И понял Жареный, что настало время действовать, что взял он на себя ношу нелегкую, но хода назад ему нет. И только сейчас, с дерева слезая, подумал: “Что я наделал? Ведь я же ратник, человек подневольный! Как я могу бежать?” Но Жареному, а вернее сказать, предку моему Федору, судьба благоволила. В тот день за стенами дворца суета началась.
Люди заметались туда-сюда, тьма татарской конницы из-за леса проскакала к Казани, и пушка там зачем-то ударила. Нарочный пригнал к Варнаве, сначала один, за ним второй, и все из Казани. После каждого Варнава слал конных гонцов в русский лагерь с грамотами. И пошел слушок с уха на ухо по двору посольскому, что в Казани смута, что татарский царевич шах Али свару затеял, посягая на хана Сафа-Гирея, и уже воевать начал. Что хан рассвирепел, буйствовал, а потом будто бы в бессилии преодолеть противников покинул Казань, бежал куда-то. А перед этим в буйстве нескольких жен из своего гарема зарезал, чтобы не оставлять их врагам. Зарезал бы всех, да успели помешать тому эмиры. И сейчас в Казани междоусобица и безвластие.

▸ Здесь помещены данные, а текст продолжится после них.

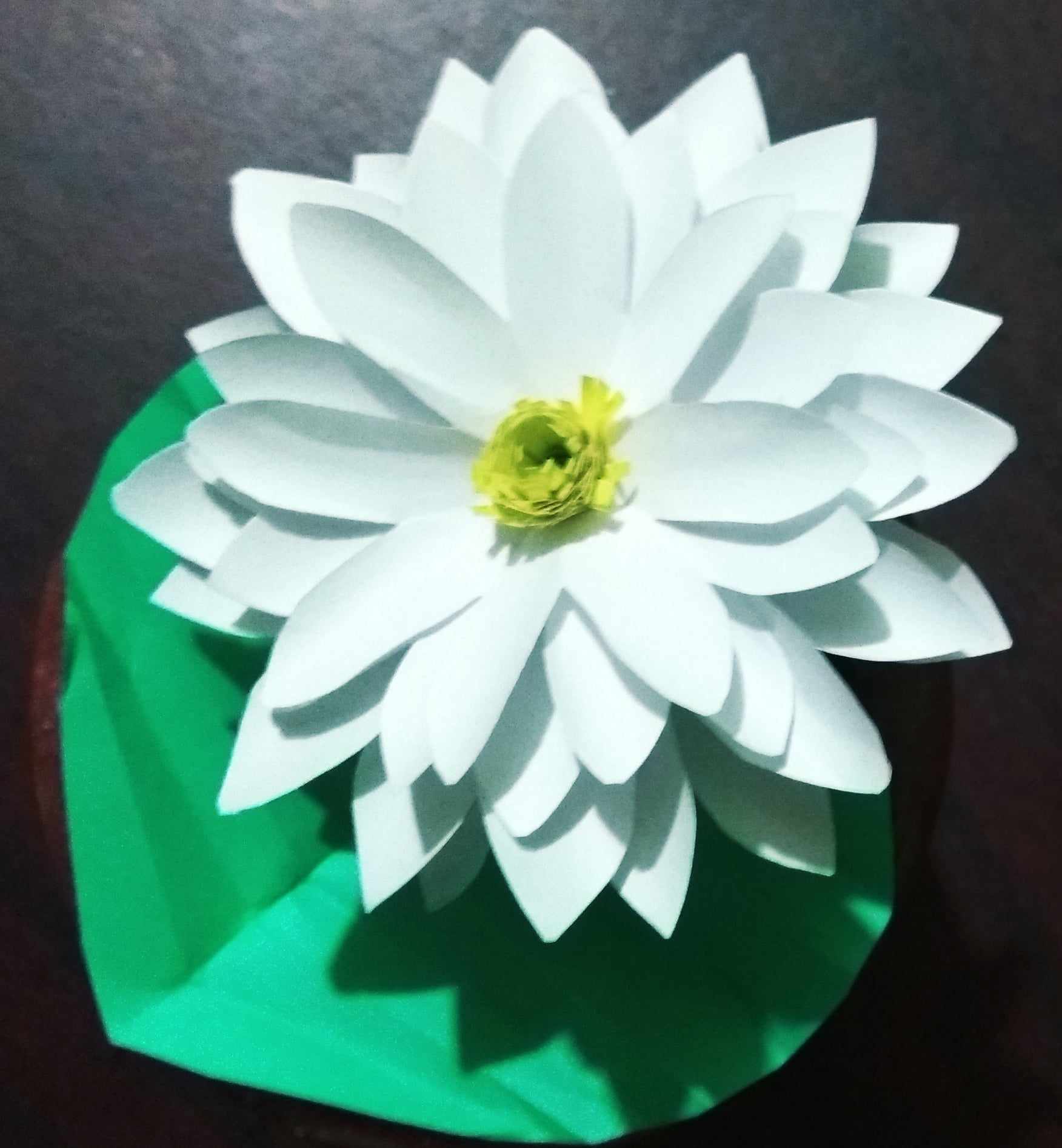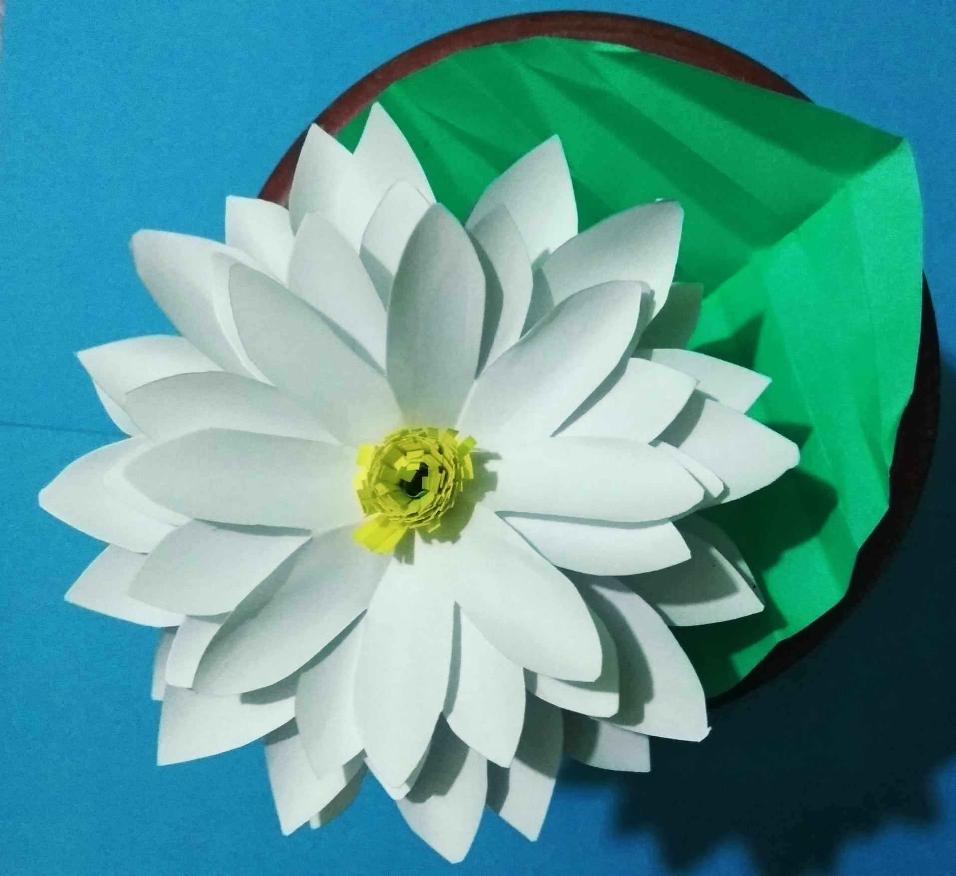 এবার পাতাটি গাম দিয়ে ফুলের ডালের সাথে লাগিয়ে নিয়েছি। ব্যস তৈরি হয়ে গেল পাতা সহ শাপলা ফুল।
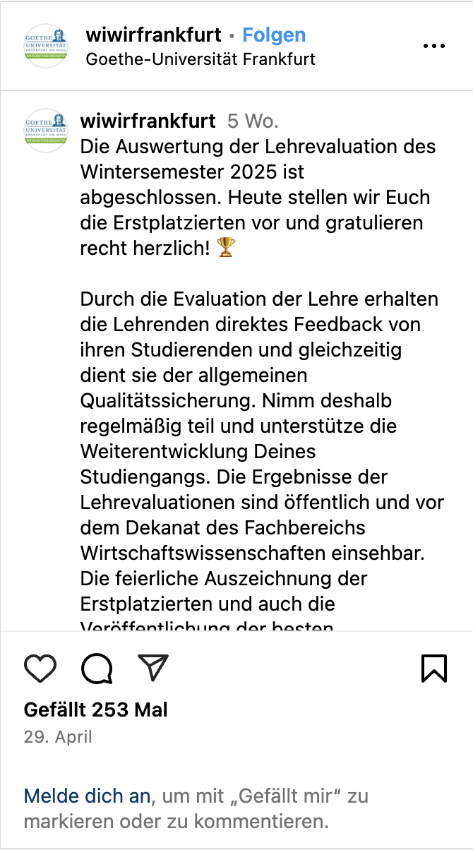 2024 & 2025: Christine Riedmann-Streitz wird von der Goethe-Universität Frankfurt aufgrund der Bewertung ihrer Studierenden als Erstplatzierte Dozentin ausgezeichnet.
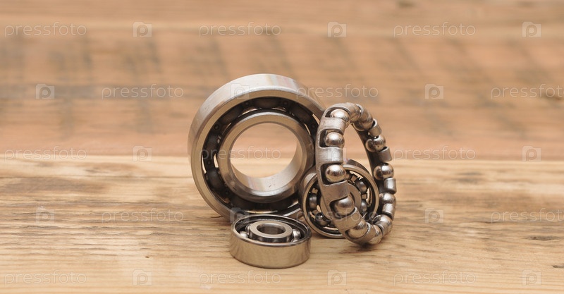 Стальные шарикоподшипники на деревянном столе. Пространство для вашего текста
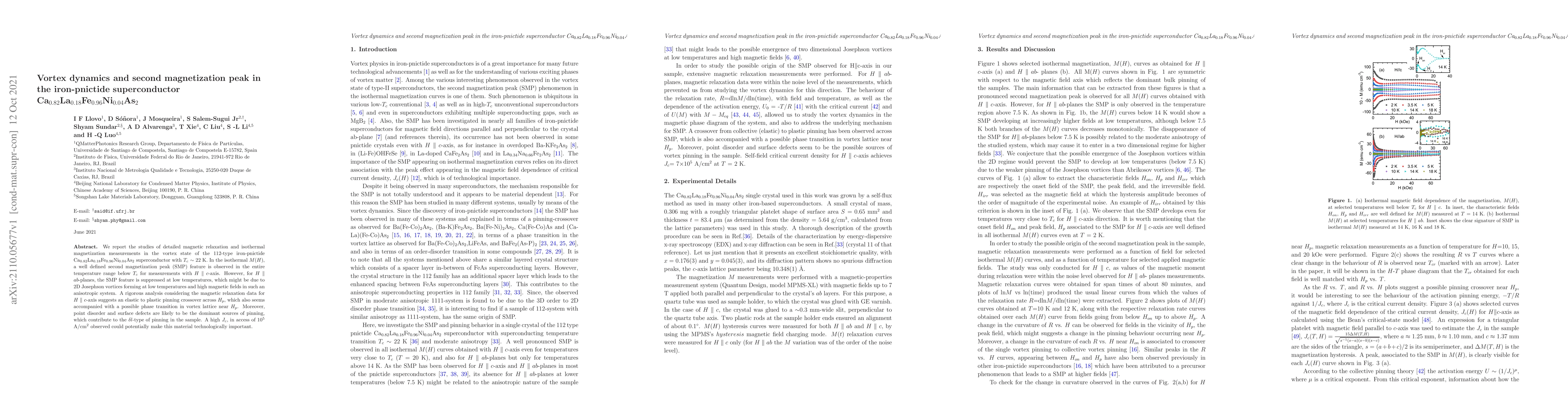 We report the studies of detailed magnetic relaxation and isothermal magnetization measurements in the vortex state of the 112-type iron-pnictide Ca$_{0.82}$La$_{0.18}$Fe$_{0.96}$Ni$_{0.04}$As$_2$ superconductor with $T_c$ $\sim$ 22 K. In the isothermal $M(H)$, a well defined second magnetization peak (SMP) feature is observed in the entire temperature range below $T_c$ for measurements with $H$ $\parallel$ $c$-axis. However, for $H$ $\parallel$ $ab$-planes, the SMP feature is suppressed at low temperatures, which might be due to 2D Josephson vortices forming at low temperatures and high magnetic fields in such an anisotropic system. A rigorous analysis considering the magnetic relaxation data for $H$ $\parallel$ $c$-axis suggests an elastic to plastic pinning crossover across $H_p$, which also seems accompanied with a possible phase transition in vortex lattice near $H_p$. Moreover, point disorder and surface defects are likely to be the dominant sources of pinning, which contribute to the $\delta l$-type of pinning in the sample. A high $J_c$, in access of 10$^5$ A/cm$^2$ observed could potentially make this material technologically important.

Все это были слухи. Но по всему видно было, что они не ложные, что в Казани наступила смута великая и смена правителя. А русским только того и надо было. Потому Варнава потерял покой, сначала гонцов слал, а потом и сам с одним боярским сыном и тремя ратниками вскочили на коней и скрытно ускакали куда-то, вроде бы в русский лагерь с самим царем советоваться, да того толком никто знать не мог.
Посольская охрана себя в татарском окружении стала неуютно чувствовать. Ну а Жареный в отчаянности своей решил, что это судьба ему знак выказывает, и, схватив Федора за грудки, убеждал, уговаривал помочь. Сказал, что, как только из гарема вызволит полонянку, так сразу ее тайно за стену к ратникам под охрану доставит. А уж далее Жареный клялся все на себя взять, вымолить у Варнавы прощения и дозволения полонянку к себе в деревню отправить. Предок мой Федор слушал его, душой цепенея, но все же помочь согласился.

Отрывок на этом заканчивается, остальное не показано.